Melioidosis presents with diverse clinical manifestations. These presentations depend on the route of entry, bacterial load, and immune status of the patient. The most common presentations include pneumonia and pleuritis (40%-60%), followed by mycotic aneurysm (40%-60%). Abscess formation frequently occurs in various organs, including the neck (0%-30%), kidneys (14%-28%), spleen (10%-33%), and liver (10%-33%). Additionally, skin ulcers and soft tissue abscesses are seen in 13%-24% of cases, osteomyelitis in 4%-14% (with the femur, tibia, and knee joint being the most frequently affected sites), and brain abscess or encephalomyelitis in 1%-5% of patients. Parotid abscesses occur in 0%-30% of cases, particularly in pediatric patients [9]. Splenomegaly is a notable clinical manifestation in chronic melioidosis, often reflecting the prolonged course of infection and underlying immune response [35].

As per a retrospective study, hyponatremia occurs in 84.1% (severe hyponatremia in 17.4% of patients) of hospitalized patients with melioidosis. A higher incidence of hyponatremia was noted in older ages and patients with acute kidney injury (AKI). Severe hyponatremia was found to be an independent predictor of in-hospital mortality, need for mechanical ventilation, and prolonged ICU stay [36].

The diagnosis of melioidosis relies on clinical suspicion, epidemiological concurrence, and bacterial culture positivity. Growth of B. pseudomallei from the culture of any site is diagnostic of melioidosis [9,37]. 

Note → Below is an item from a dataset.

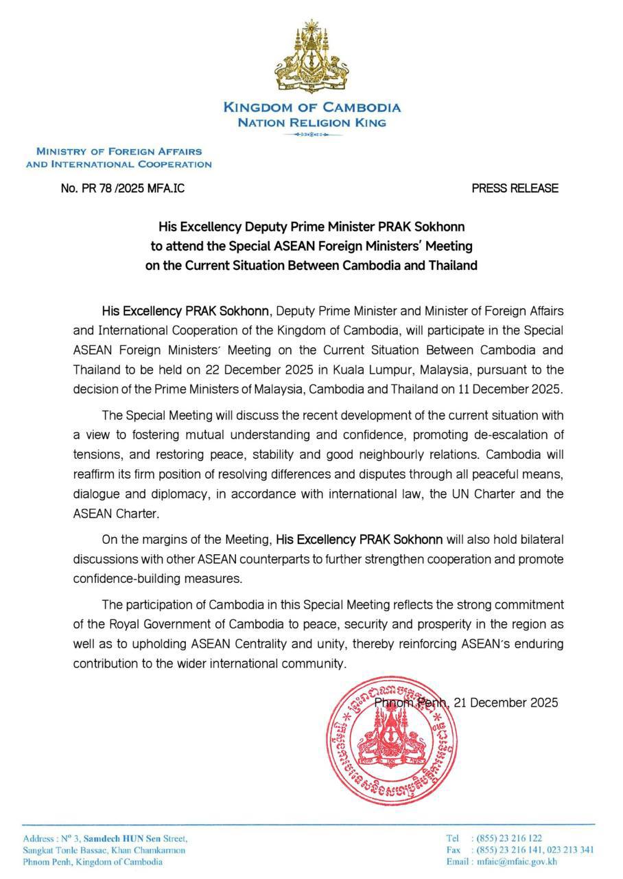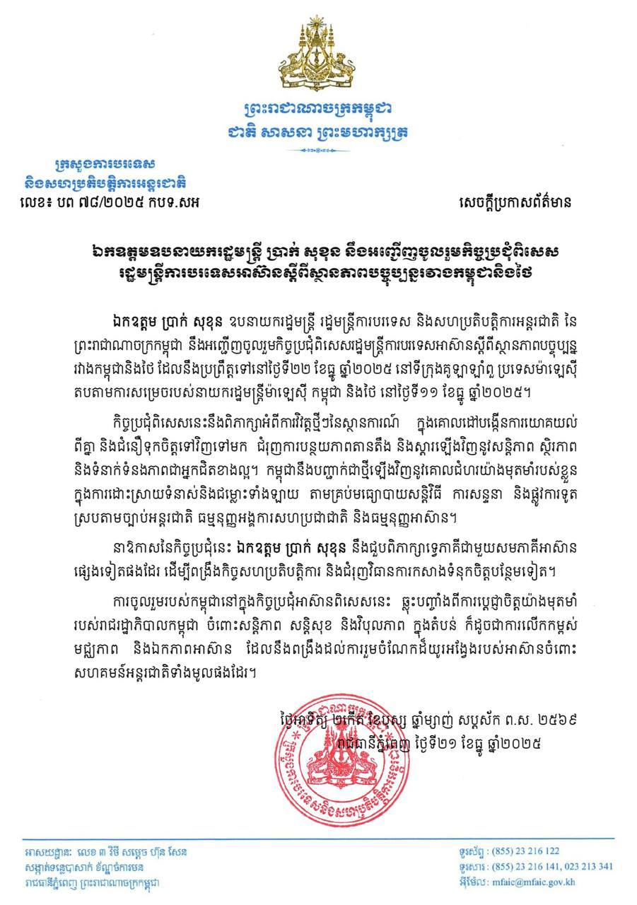 ភ្នំពេញ​៖​ លោក ប្រាក់ សុខុន ឧបនាយករដ្ឋមន្ត្រី រដ្ឋមន្ត្រីការបរទេស និងសហប្រតិបត្តិការអន្តរជាតិ នៃ ព្រះរាជាណាចក្រកម្ពុជា នឹងអញ្ជើញចូលរួមកិច្ចប្រជុំពិសេសរដ្ឋមន្ត្រីការបរទេសអាស៊ានស្តីពីស្ថានភាពបច្ចុប្បន្ន រវាងកម្ពុជានិងថៃ ដែលនឹងប្រព្រឹត្តទៅនៅថ្ងៃទី២២ ខែធ្នូ ឆ្នាំ២០២៥ នៅទីក្រុងគូឡាឡាំពួ ប្រទេសម៉ាឡេស៊ី តបតាមការសម្រេចរបស់នាយករដ្ឋមន្ត្រីម៉ាឡេស៊ី កម្ពុជា និងថៃ នៅថ្ងៃទី១១ ខែធ្នូ ឆ្នាំ២០២៥។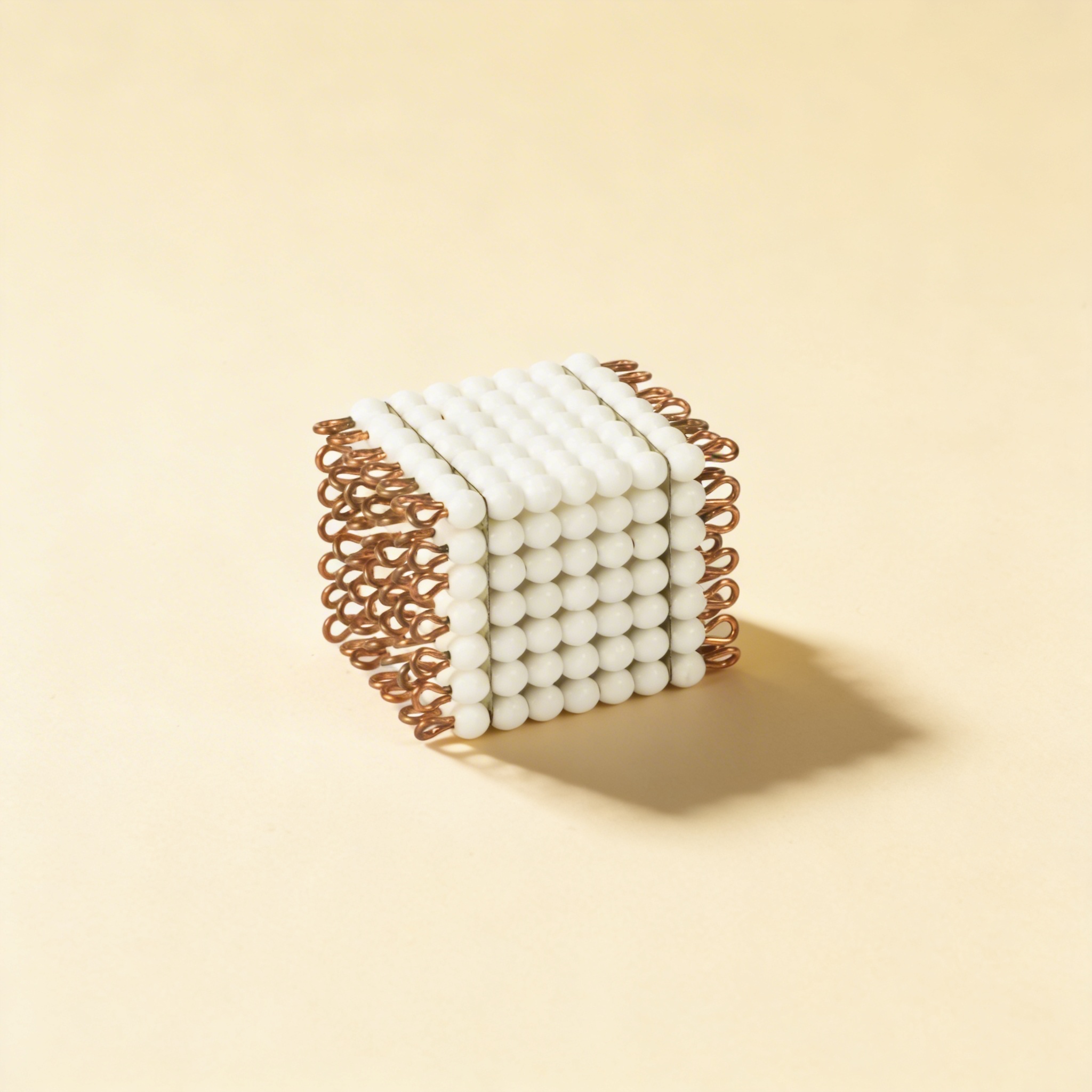 Weiße Glasperlen bieten visuelle Klarheit und Einheitlichkeit, sodass Kinder sich auf das mathematische Konzept konzentrieren können, ohne abgelenkt zu werden. Das Gewicht und die Textur der Perlen bieten wichtige sinnliche Rückmeldung, während der Kupferdraht die strukturelle Integrität des Würfels beim Handhaben aufrechterhält.

B. pseudomallei are intrinsically resistant to penicillin, ampicillin, first- and second-generation cephalosporins, gentamicin, tobramycin, and streptomycin. As per the data, primary resistance to meropenem, ceftazidime, and co-trimoxazole is exceedingly rare. Intravenous antibiotic options include ceftazidime administered every 6-8 hours (or via 24-hour infusions) or meropenem every eight hours, particularly for critically ill patients or those with central nervous system involvement. The eradication phase, essential to prevent relapse, typically lasts for three to more than six months, with trimethoprim-sulfamethoxazole (TMP-SMX) as the first-line agent, or co-amoxiclav or doxycycline as alternatives. When melioidosis presents as osteomyelitis, longer treatment durations are recommended to reduce the risk of recurrence. Management involves an intensive phase of intravenous antibiotics, typically meropenem or ceftazidime, for at least 4-6 weeks, followed by an oral eradication phase using co-trimoxazole (with doxycycline as an alternative) for a minimum of six months [38,39].

Conclusions

This case highlights the clinical presentation and management of a patient with chronic osteomyelitis, a rarer manifestation of melioidosis. Our patient, a poorly controlled diabetic and reformed alcoholic, presented with chronic osteomyelitis caused by B. pseudomallei. He had a notable history of exposure to contaminated water. Effective management of risk factors (such as diabetes), correction of hyponatremia, and guidance from positive cultures and sensitivity testing allowed for the selection of appropriate antibiotics. The patient was treated with an intensive phase of meropenem and TMP-SMX, followed by eradication therapy with TMP-SMX, leading to clinical recovery. This case highlights the critical role of early diagnosis, timely treatment, and targeted antimicrobial therapy in the successful management of melioidosis.